In my career I have worked with many children from diverse backgrounds but those that stand out from most are the ones that have been emotionally deprived at home.  Research has shown that these children not only have poor relationship/social skills but also are more likely to develop mental health problems than other children with a more balanced emotional life at home.

So it is not surprising that I have read this week that 70 per cent of our police officers believe that emotional cruelty to children should become a criminal offence.

Children not legally protect in the same way as adults
Whilst there are many laws for the protection of children against physical abuse, experts assert that children do not have the same level of protection from harm in terms of emotional abuse as adults. The law related to domestic violence changed last March to encompass such types of emotional abuse as isolation and intimidation but only for adults.

Currently emotional neglect toward children is not included in the legal definition of child neglect and today the matter will be debated in Parliament.  A letter demanding a review of the law addressed to the Ministry of Justice has been signed by In excess of 80 Members of Parliament from all political parties.  An alternative law to resolve the gap in existing legislation has been draw up by Mark Williams, a liberal democrat MP, and Action for Children.

7 in 10 police officers feel law related to emotional abuse of children should change
A poll conducted by YouGov of some 200 police officers in England and Wales revealed that 7 in 10 officers felt the law should be changed, with just 5 percent thinking the law should remain unchanged.  25 per cent were not sure.

Children who are used as scapegoats, humiliated, the subject of punishment that is designed to degrade or witness to domestic violence are all exposed to emotional neglect; treatment that all too often leads to problems with social interactions and mental health issues.

There are certain sections in The Children and Young Persons Act is which date back as far as 1868 so it is well overdue for an update according to experts.
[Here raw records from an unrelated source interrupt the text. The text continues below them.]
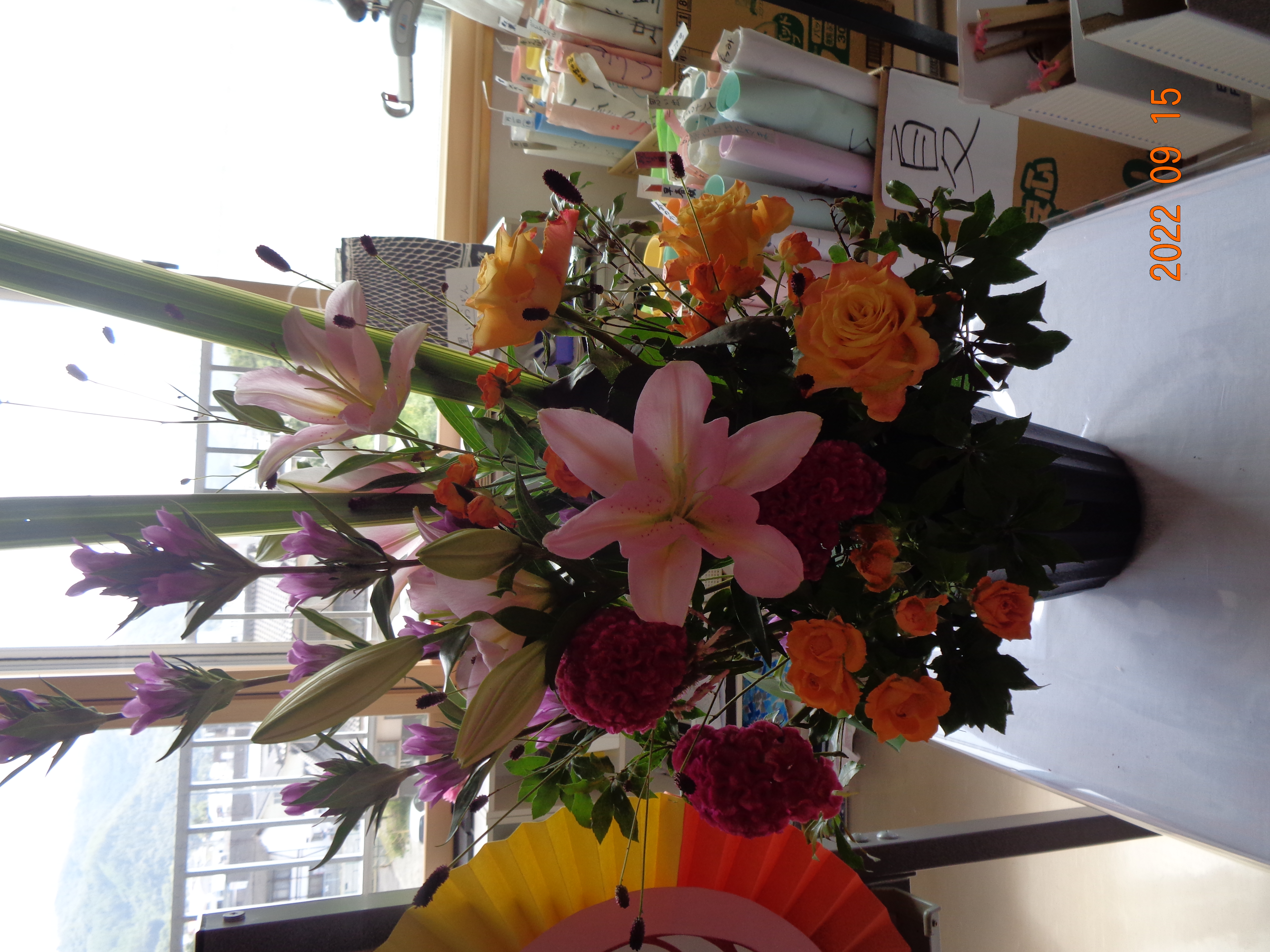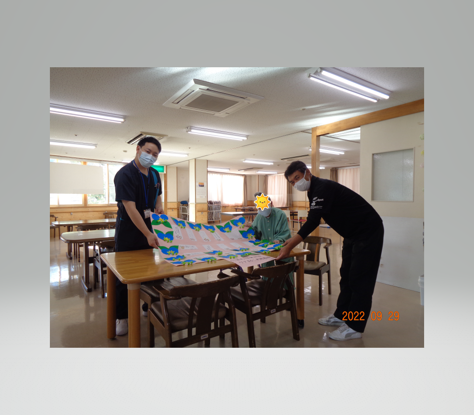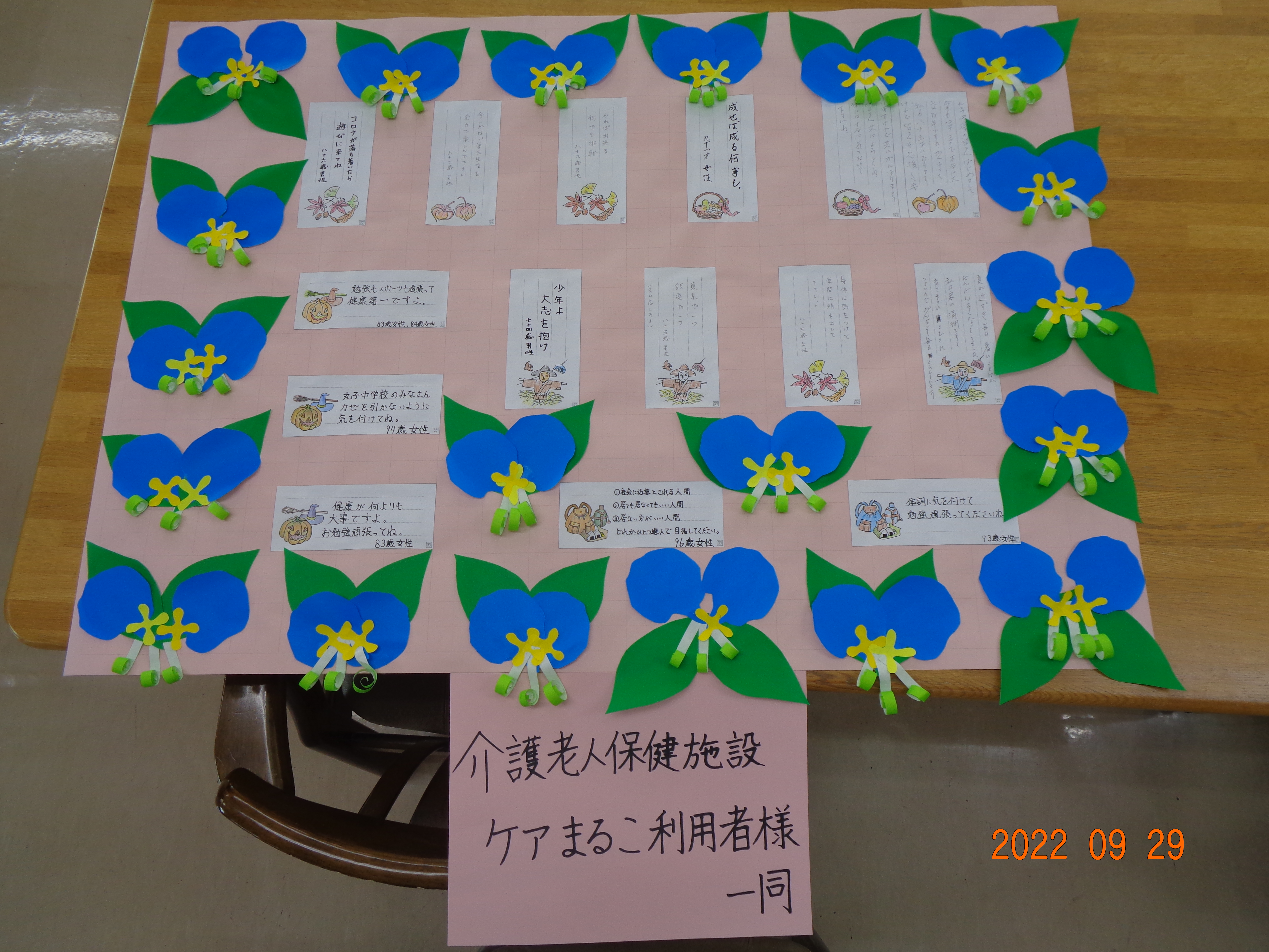 ケアまるこの利用者さんからは文化祭の名前、露草にちなんで折り紙で露草の花を作り寄せ書きをして、中学校にプレゼントさせていただきました。コロナ禍で中学生の皆さんに直接お渡しすることはできませんでしたが、中学校の先生にお渡しすることができました。
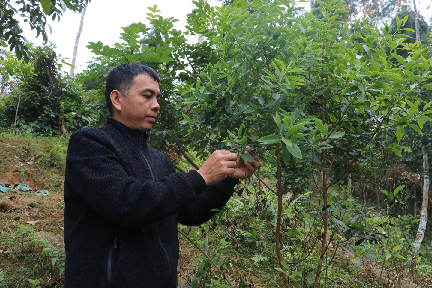 Anh Luân Văn Nông thu hoạch lá đàn hương để chế biến trà đàn hương
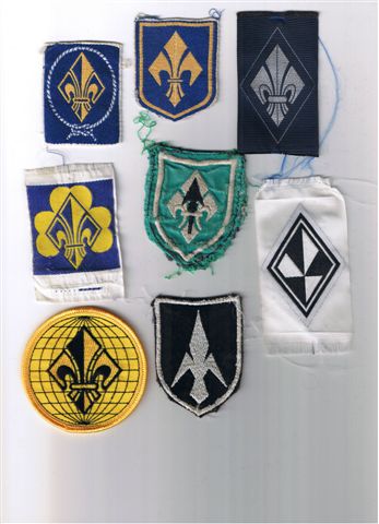 Beispiele von Rautenlilien deutscher Pfadfinderverbände von 1948 bis heute. Von links nach rechts und von oben nach unten
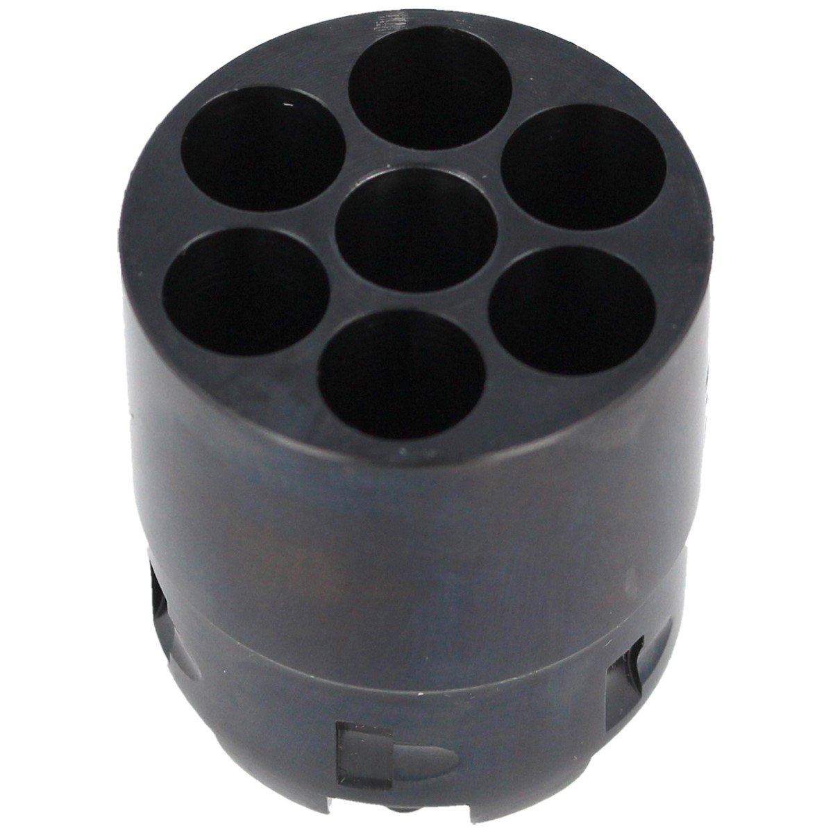 A341, stalowy 6-cio komorowy bęben kapiszonowy (#15 na schemacie) firmy Pietta z kompletem 6-ciu kominków (#16). Pełny nie grawerowany oksydowany na czarno. Przeznaczony do rewolwerów czarnoprochowych 1851 Colt REB Nord Navy w kalibrze .44 z ramą mosiężną.
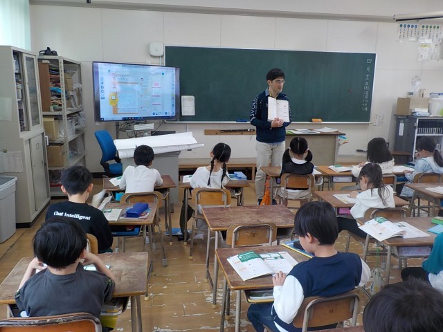 2年生の算数の授業をのぞくと、子ども達の背筋がピンと伸び、心地よい緊張感とワクワクした空気に包まれていました。今日は、新しい算数の教科書を使い始める特別な日です。まずは、これから1年間使う新しい教科書の表紙をそっと丁寧に開き、折り目がつくように指先でしっかりと押さえていました。

Emotional abuse of children 20 percent higher in referrals
Government statistics show that the most common cause for children being referred to child protection services is neglect; and emotional abuse is 20 percent more common in these referrals than physical abuse.  Changes in legislation would mean that the same definition of neglect would apply to Government and social workers as well as judges and the police.

Whilst it is currently possible to prosecute for “emotional abuse” under existing criminal law, Damien Green, Justice Minister stated that it was necessary to ensure that “the law in this important area is fit for purpose.”